Technical Field
This invention relates generally to the field of semiconductors, and more particularly, to forming a nitride spacer to protect a finFET device.
Related Art
A typical integrated circuit (IC) chip includes a stack of several levels or sequentially formed layers of shapes. Each layer is stacked or overlaid on a prior layer and patterned to form the shapes that define devices (e.g., field effect transistors (FETs)) and connect the devices into circuits. In a typical state of the art complementary insulated gate FET process, such as what is normally referred to as CMOS, layers are formed on a wafer to form the devices on a surface of the wafer. Further, the surface may be the surface of a silicon layer on a silicon on insulator (SOI) wafer. A simple FET is formed by the intersection of two shapes, a gate layer rectangle on a silicon island formed from the silicon surface layer. Each of these layers of shapes, also known as mask levels or layers, may be created or printed optically through well known photolithographic masking, developing and level definition, e.g., etching, implanting, deposition, etc.

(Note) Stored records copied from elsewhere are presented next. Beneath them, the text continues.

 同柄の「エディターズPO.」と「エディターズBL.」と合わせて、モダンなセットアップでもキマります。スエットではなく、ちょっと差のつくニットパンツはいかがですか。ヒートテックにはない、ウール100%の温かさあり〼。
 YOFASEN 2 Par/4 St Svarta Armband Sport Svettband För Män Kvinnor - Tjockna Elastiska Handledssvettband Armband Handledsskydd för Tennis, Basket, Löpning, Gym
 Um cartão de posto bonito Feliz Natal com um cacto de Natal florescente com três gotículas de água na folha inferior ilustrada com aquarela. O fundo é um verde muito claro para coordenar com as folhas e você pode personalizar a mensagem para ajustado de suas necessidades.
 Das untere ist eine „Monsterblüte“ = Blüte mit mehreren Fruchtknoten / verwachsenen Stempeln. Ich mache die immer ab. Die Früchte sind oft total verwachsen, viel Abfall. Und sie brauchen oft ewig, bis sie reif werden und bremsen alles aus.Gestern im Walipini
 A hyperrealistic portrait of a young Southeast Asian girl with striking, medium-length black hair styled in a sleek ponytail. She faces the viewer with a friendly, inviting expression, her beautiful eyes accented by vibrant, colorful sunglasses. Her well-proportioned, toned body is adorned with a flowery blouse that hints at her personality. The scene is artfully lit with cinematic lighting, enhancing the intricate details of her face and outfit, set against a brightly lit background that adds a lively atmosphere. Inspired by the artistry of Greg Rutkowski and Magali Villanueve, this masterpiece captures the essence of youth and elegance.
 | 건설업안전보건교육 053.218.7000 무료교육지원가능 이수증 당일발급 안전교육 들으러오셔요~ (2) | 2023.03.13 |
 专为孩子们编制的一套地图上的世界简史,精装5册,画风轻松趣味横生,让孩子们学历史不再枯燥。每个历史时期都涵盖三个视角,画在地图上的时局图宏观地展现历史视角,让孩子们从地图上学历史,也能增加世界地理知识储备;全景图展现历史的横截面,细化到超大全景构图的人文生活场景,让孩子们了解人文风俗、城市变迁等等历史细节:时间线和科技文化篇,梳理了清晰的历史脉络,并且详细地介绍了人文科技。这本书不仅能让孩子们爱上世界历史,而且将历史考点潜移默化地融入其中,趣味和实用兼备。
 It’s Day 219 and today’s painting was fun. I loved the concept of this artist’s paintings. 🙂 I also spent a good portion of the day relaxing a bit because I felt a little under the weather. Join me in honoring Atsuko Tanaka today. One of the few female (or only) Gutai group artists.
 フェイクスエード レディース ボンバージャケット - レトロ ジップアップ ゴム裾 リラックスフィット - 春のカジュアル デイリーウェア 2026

The FinFET is a transistor design that attempts to overcome the issues of short-channel effect encountered by deep submicron transistors, such as drain-induced barrier lowering (DIBL). Such effects make it harder for the voltage on a gate electrode to deplete the channel underneath and stop the flow of carriers through the channel—in other words, to turn the transistor off. By raising the channel above the surface of the wafer instead of creating the channel just below the surface, it is possible to wrap the gate around all but one of its sides, providing much greater electrostatic control over the carriers within it.

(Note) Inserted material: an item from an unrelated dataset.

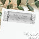 The silver background is edged on each side with glitter damask on these trendy wedding return address labels. The name and address is written in a clean elegant script font.
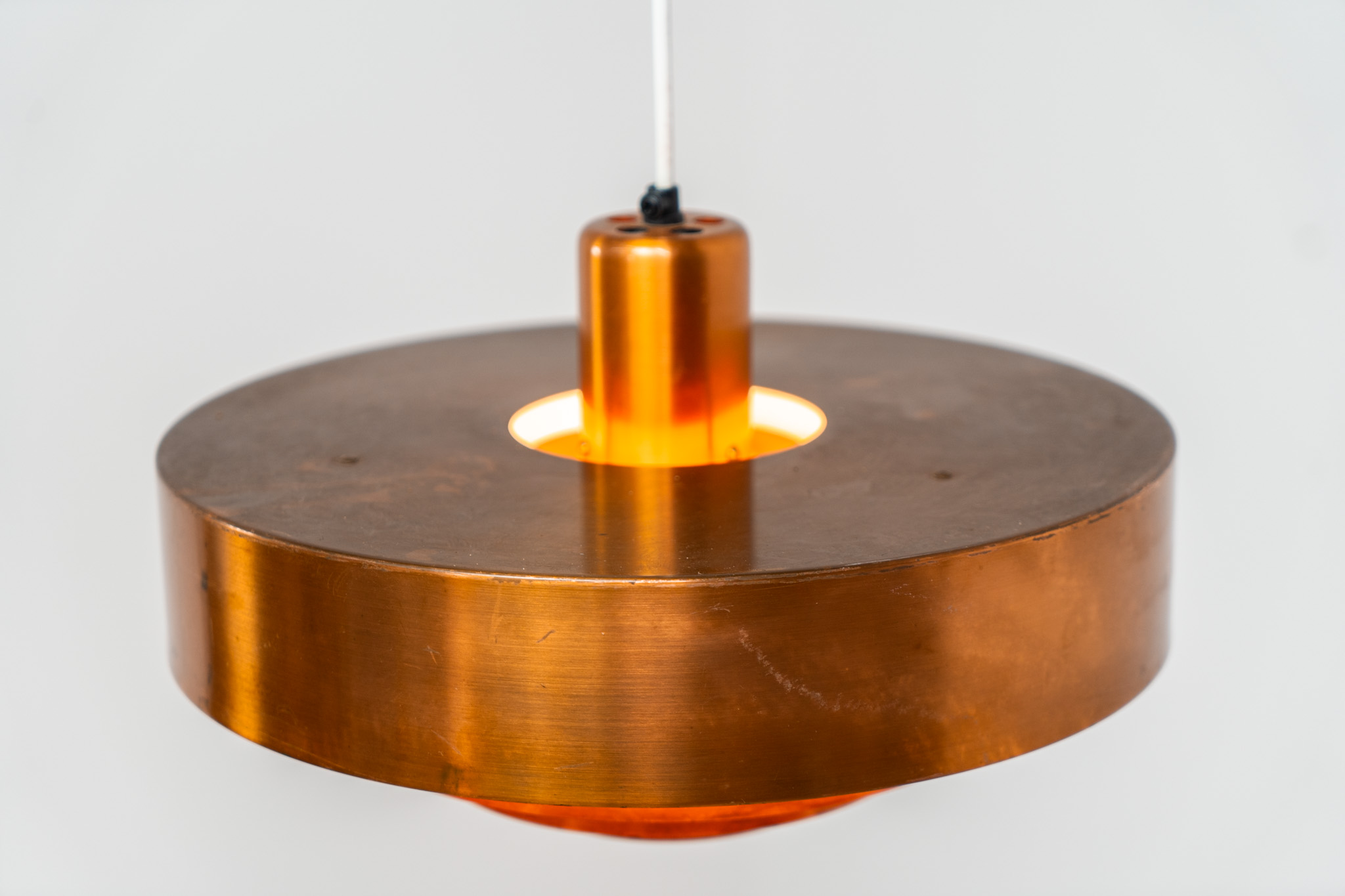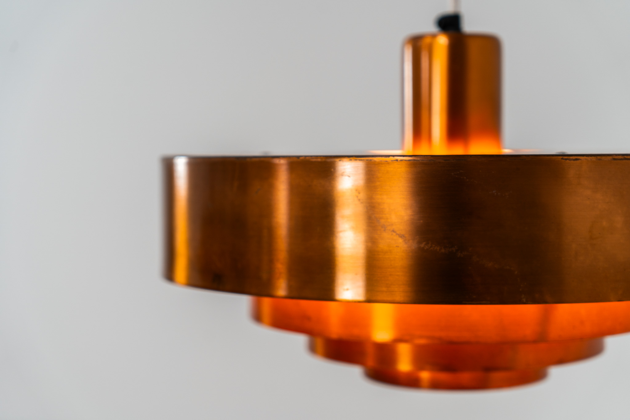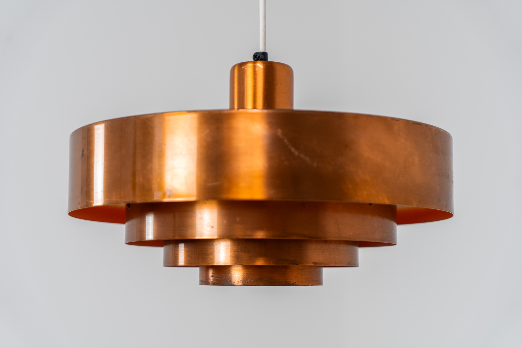 In our opinion, this is one of Hammerborg’s most stunning designs and increasingly hard to find. Made from solid copper rings with orange detailing on the interior, this lamp is a striking piece, both on and off.

In FinFET technology, preservation of the cap oxide on top of the gate, gate oxide around the fins, and the fin profiles is critical for the development of device yield. However, with current approaches, the oxide on top of the gates, gate oxide, as well as the fins, are eroded after the post-PC block implant layering. For example, as shown in the prior art device 100 of FIGS. 1(a)-1(b), oxide 102 on top of each gate 104 is left open post lithography and development, which exposes oxide 102 and fins 106 to all processing steps that follow (e.g., descum, implants, resist strips, etc.).
Furthermore, in areas of device 100 where there are no gates covering fins 106, there is vulnerability to gate oxide 102 and fins 106 themselves. That is, following the implants, photoresist 108 will be stripped using certain clean and ashing processes. These can affect the implanted oxide as well as amorphized fins 106. The y-cut area that includes the gates experiences some oxide loss on top of gates 104 in the areas that were uncovered by resist 108. The properties of oxide 102 on top of each gate 104 are changed post implantation, therefore weakening oxide 102. As a result, when resist 108 is stripped away, oxide 102 in the open area is stripped from the top of each gate 104. This is problematic because oxide 102 protects the nitride hardmask during subsequent formation of the source/drain (S/D) epitaxial layers. If there is no oxide remaining at the time of S/D epitaxial layer processing, the reactive ion etch (RIE) processes used will destroy this hardmask, causing a misprocess. In the x-cut area that has open fin area (e.g., shown in FIG. 2(b)), the fins become amorphized post implantation, weakening the silicon so that the cleans processes are able to erode the tops of fins 206, as shown in FIG. 2(a). Fin erosion is problematic because the fins in finFET technology are the channels. If the channels are damaged, all electrical parameters are negatively affected.